Some details and what I have found out so far
I inherited a web application running on Wordpress and which uses a complex constellation of Doctrine, Memcached and W3 Total Cache for minification and caching. When under heavy load our application begins to slow down rapidly. So far we have narrowed part of the problem down to the server-side minification process. Preliminary analysis has shown that the number PHP processes start to stack up under load, and when reaching the process limit of 500 processes, start to slow everything down. Something which is also mentioned by the author of the minify library.

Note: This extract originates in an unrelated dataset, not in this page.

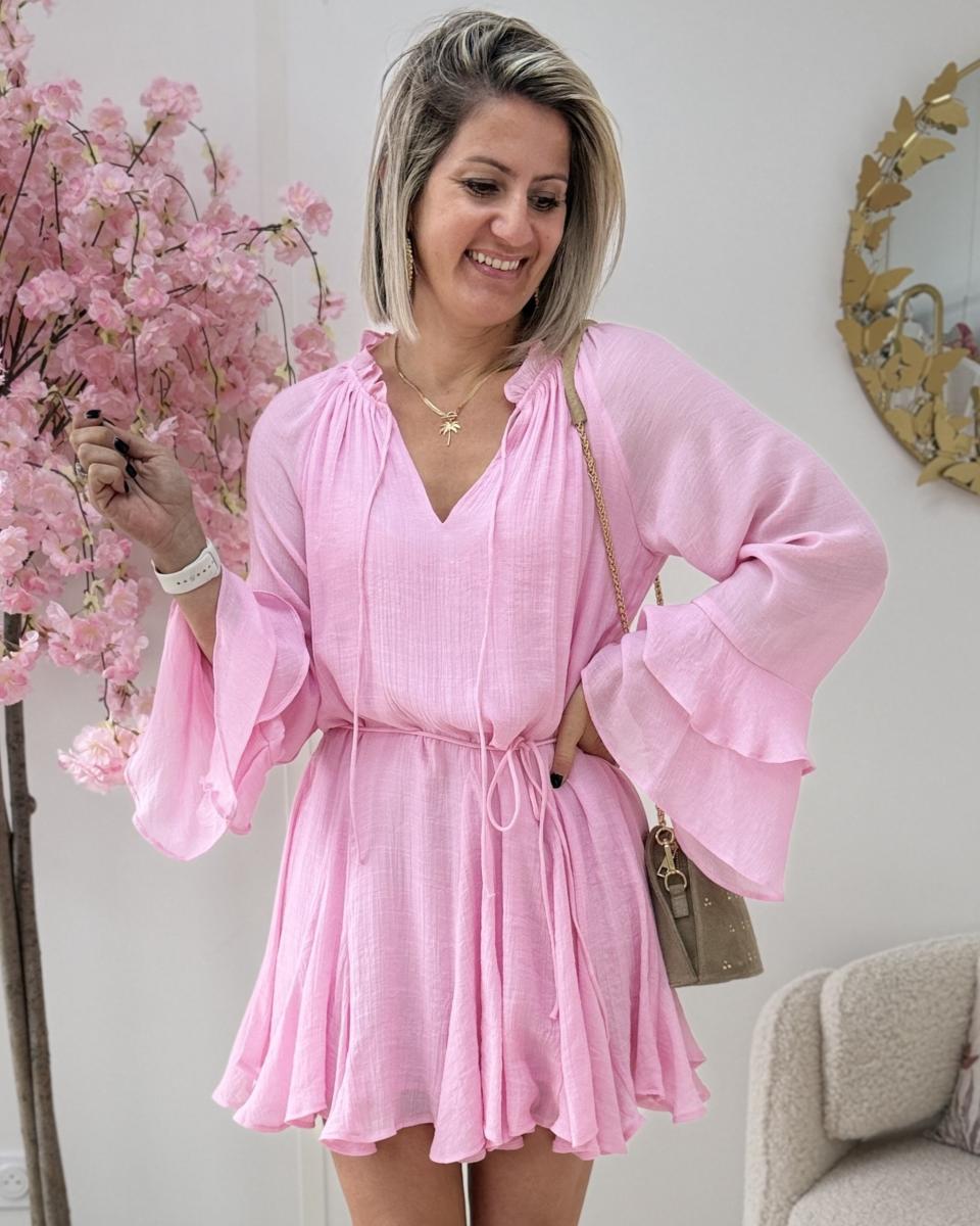 robe doublée, asymétrique avec lien à la taille

Solutions I have evaluated so far
Pre-minification
The most logical solution would be to pre-minify any of the files before going live. Unfortunately our workflow demands that non-developers should be able to edit said files on our production servers (i.e. after the web app has gone live). Therefore I think that pre-processing is out of the question, as it limits the editability of minified files.
Serving unminified files
75% of our users are accessing our web application with their mobile devices, especially smartphones. Unminified JS and CSS amounts to 432KB and is reduced by 60-80% in size when minified. Therefore serving unminified files, while solving the performance and editability problem, is for the sake of mobile users out of the question.

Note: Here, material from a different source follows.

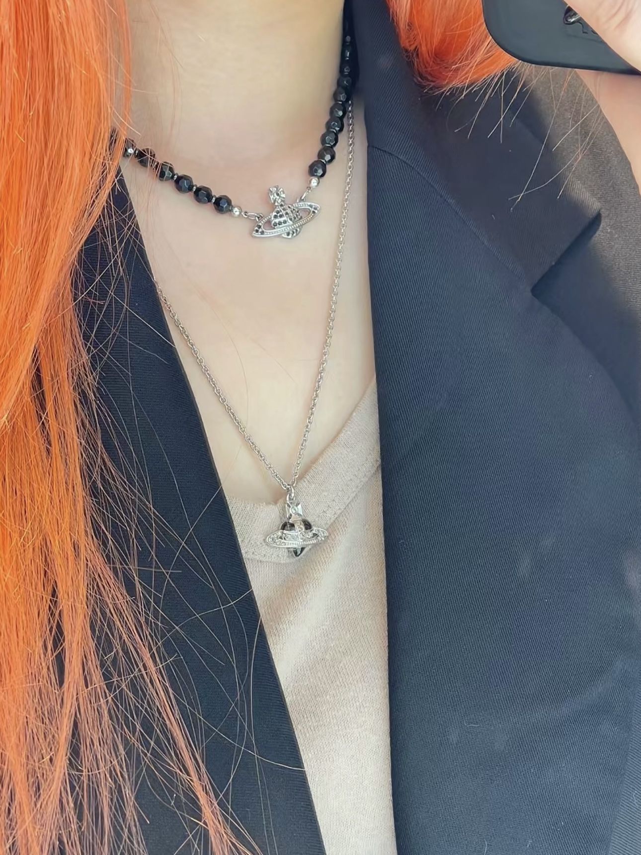 叠戴必入!土星黑玛瑙珍珠手链单层三层项链锁骨链NANA同款黑色

I understand that this is as much a technical problem as it is a workflow problem and I guess we are open to working on both as long as we end up with a better overall performance.
My questions
Is there a reasonable compromise which solves the PHP bottleneck
problem, allows for non-devs to make changes to live CSS/JS and
still serves reasonably sized files to clients.
If there is no such one-size-fits-all solution, what can I do to
better our workflow and / or server-side behaviour?

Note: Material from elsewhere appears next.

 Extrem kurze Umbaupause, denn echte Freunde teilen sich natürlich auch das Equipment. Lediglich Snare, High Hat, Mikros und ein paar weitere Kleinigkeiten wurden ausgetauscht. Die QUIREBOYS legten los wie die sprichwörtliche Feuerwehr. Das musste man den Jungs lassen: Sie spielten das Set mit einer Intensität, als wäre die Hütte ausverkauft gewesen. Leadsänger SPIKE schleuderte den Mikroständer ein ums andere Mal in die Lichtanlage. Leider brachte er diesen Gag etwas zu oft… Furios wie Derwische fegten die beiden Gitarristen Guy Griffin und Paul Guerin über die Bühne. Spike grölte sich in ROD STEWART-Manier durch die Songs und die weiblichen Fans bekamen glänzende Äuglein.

EDIT: Because there were some questions / comments regarding the server configuration, our servers run Debian and are equipped with 32GB of RAM and 24 core CPUs.
You can run a css/javascript compilation service like Gulp or Grunt via Node.js that minifies all your js and css assets on change.
This service can run in production but that is not recommended without some architectural setup ( having multiple versioned compiled files and auto-checking them via gulp or another extension ).
I emphasize that patching features into production and directly
editing it is strongly discouraged as it can present live issues to
your visitors reducing your credibility.
http://gulpjs.com/
Using Gulp/Grunt would require you to change how you write your css/javascript files.
I would solve this with 2 solutions - first, removing any WP-CRON operation that runs every time a user runs the application and move that to actual CRON on the server. Second I would use load balancing so that a single server is not taking the load of the work. That is your real problem and even if you fix your perceived code issues you are still faced with the load issue.
I don't believe you need to change your workflow at all or go down the road of major modification to your existing system.
The WP-CRON tasks that runs each time a page is loaded causes significant load and slowness. You can shift this from the users visiting running that process to your server just running it at the server level. This reduces load. It is also most likely running these processes that you believe are slowing down the site.
See this guide:
http://www.inmotionhosting.com/support/website/wordpress/disabling-the-wp-cronphp-in-wordpress
Next - load balancing. Having a single server supplying all your users when you have a lot of traffic is a terrible idea. You need to split the webservers load.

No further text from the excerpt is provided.